# Hello



## Magicdude (Sep 22, 2018)

Hi people,

After loving nice coffee for years I've finally decided to try and make some myself. To which ends I have purchased a Delonghi KG79 grinder and a Sage Duo Temp Pro. I look forward to hassling you all for advice after my many balls ups on my coffee journey, so I thank you in advance.


----------



## eddie57 (Mar 21, 2017)

Hi and welcome. sage machines have their own sub-forum, so there's plenty of info there as a starting point


----------



## Dumnorix (Dec 29, 2017)

The only problem with the Delonghi grinder you mentioned is it is unlikely to grind fine enough for you to use the unpressurised baskets on the DTP. You can use the pressurised ones but it will affect the taste. Sorry to stick a spoke in the works straight away! I would start saving for an espresso capable grinder as you will ultimately get a better coffee.


----------



## joey24dirt (Jan 28, 2017)

Great machine the DTP, I'm a big fan of them.

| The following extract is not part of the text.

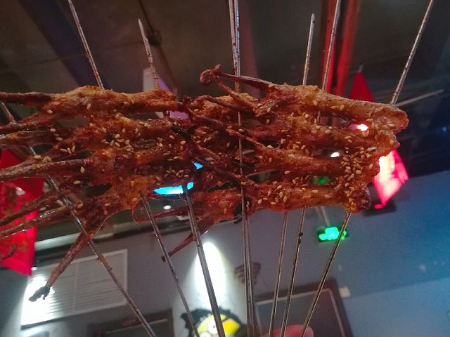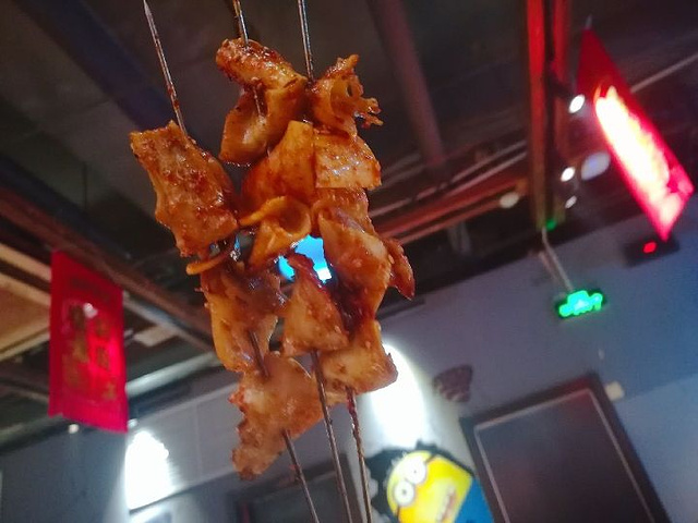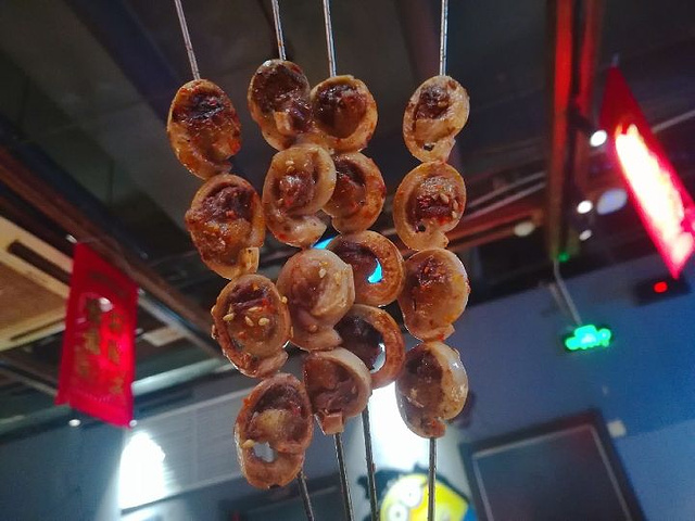 小味串店是爱建特别火爆的一家烧烤店,每到饭点儿必等位。 |茶缸肚^茶缸肚几乎是每桌必点的一道菜,我们人多一共要了三缸,非常受欢迎,几乎没剩。 |彩虹沙拉^在坐女士们最喜欢的一道菜,一盘没吃够,又要了一盘,味道非常赞。 |老虎菜^下酒的好菜,比较有特点的是老虎菜,还配了一盘干豆腐,可以卷着吃,也是上桌后秒没的菜。 |心管夹肉^肉串里面最受欢迎的一个品种,反复被点了两次,感觉比羊肉串牛肉串都要好吃。 总体消费感觉还是不错的,就是烤品比较慢,还有点餐后上错品种的烤串,可能是宾客太多的缘故,菜品味道不错,我们十八个人消费将近1900元,性价比平平!

It's right though, to get the best from your coffee you may need to upgrade the grinder. No rush though. Get used to your set up first and then go from there 

Enjoy the journey


----------



## Magicdude (Sep 22, 2018)

Thank you for your response, don't apologise, any advice is welcomed that's what I'm here for.


----------



## Magicdude (Sep 22, 2018)

Thank you for your response, much appreciated.


----------



## theclods (Oct 30, 2018)

Hey @Magicdude, I've had the Delonghi KG79 for a few years now and I did this hack to make a finer grind. It might interest you if you don't mind voiding your warranty. I'm on the look out for a new grinder now to go with my new Sage DTP but this will see me through for another bit while I search for a good deal.


----------



## AAD44H (Apr 17, 2018)

Welcome


----------



## Magicdude (Sep 22, 2018)

Wow, thank you so much for this, much appreciated my friend.


----------



## theclods (Oct 30, 2018)

i did the initial two turns he recommended first but then opted for a 3rd turn and it makes a huge difference.


----------



## Rwam85 (Apr 25, 2020)

Hi all,

I've just picked up a Sage DTP and a De'Longhi KG79 and happened to stumble upon this old thread. I've so far managed to choke the machine up several times using the finest settings on the KG79 and was getting nothing through at all until I altered the grind so I'm now 4 clicks from the finest setting. I'm now getting a double shot in approx 30 secs, weighing 18g in and 36g out and tastes pretty good. Just can't understand why it choked so easily on the finer settings given that everything I've read n the KG79 is that the grind won't be fine enough!?


----------